You MUST completely AVOID the following!!

STABILIZERS: DO NOT USE any glycerol, PEG or related stabilizers. They are easy to ionize, especially PEG, and if they are present, that is all you will see!

COLORED TUBES AND TIPS: DO NOT USE IN ANY STEP. These materials often contain residual quantities of dyes that can be released into your sample. We provide some options on our Resources list.

DO NOT SEAL TUBES WITH PARAFILM. They are a rich source of PEG contamination.

OTHER IMPORTANT PROCEDURES TO AVOID CONTAMINATION

⦁ Any sample manipulation should be done in a BSC, laminar flow hood, or by using mask and disposable surgical cap. Skin cells and hair are a rich source of Keratin.
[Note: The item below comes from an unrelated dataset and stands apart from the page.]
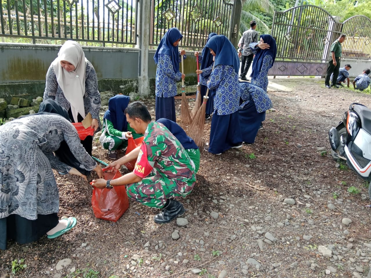 Pidie – Dalam rangka menanamkan semangat kebersamaan serta meningkatkan kepedulian terhadap lingkungan, Bintara Pembina Desa (Babinsa) Koramil 15/Tiro, Sertu K.M. Lase, melaksanakan kegiatan gotong royong bersama siswa dan siswi SMP Negeri 1 Tiro di Desa Lhok Igeuh, Kecamatan Tiro, Kabupaten Pidie, Kamis (25/09/2025).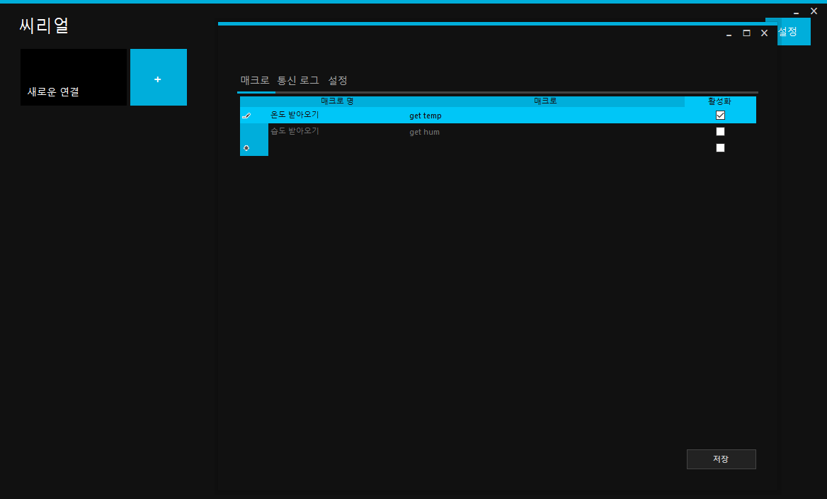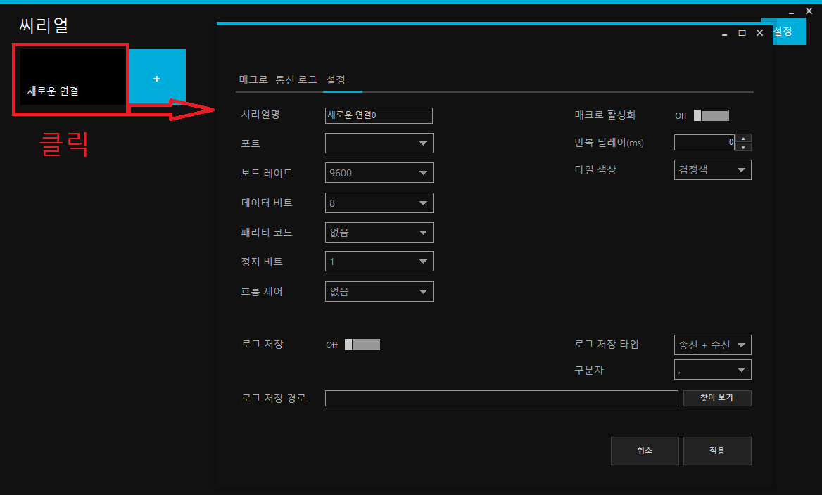 프로그램에서 [ + ] 를 누르면 시리얼 통신 객체를 하나 생성하게 됩니다.

⦁ Always wear nitrile (not latex) gloves and rinse them occasionally as they readily accumulate static charge and attract dust and pieces of hair and wool.

⦁ Wear a lab coat and make sure there is no gap between your coat sleeve and the gloves (lab tape and rubber bands work well).

⦁ All bottles and other containers used should be purchased for and dedicated to MS work. Do not wash with detergent. Do not share with others in your lab for non-MS purposes.

⦁ Do not pipette solutions directly from the solution stock bottle. Transfer the amount needed to a dedicated glassware beaker or flask. Discard the leftover solution.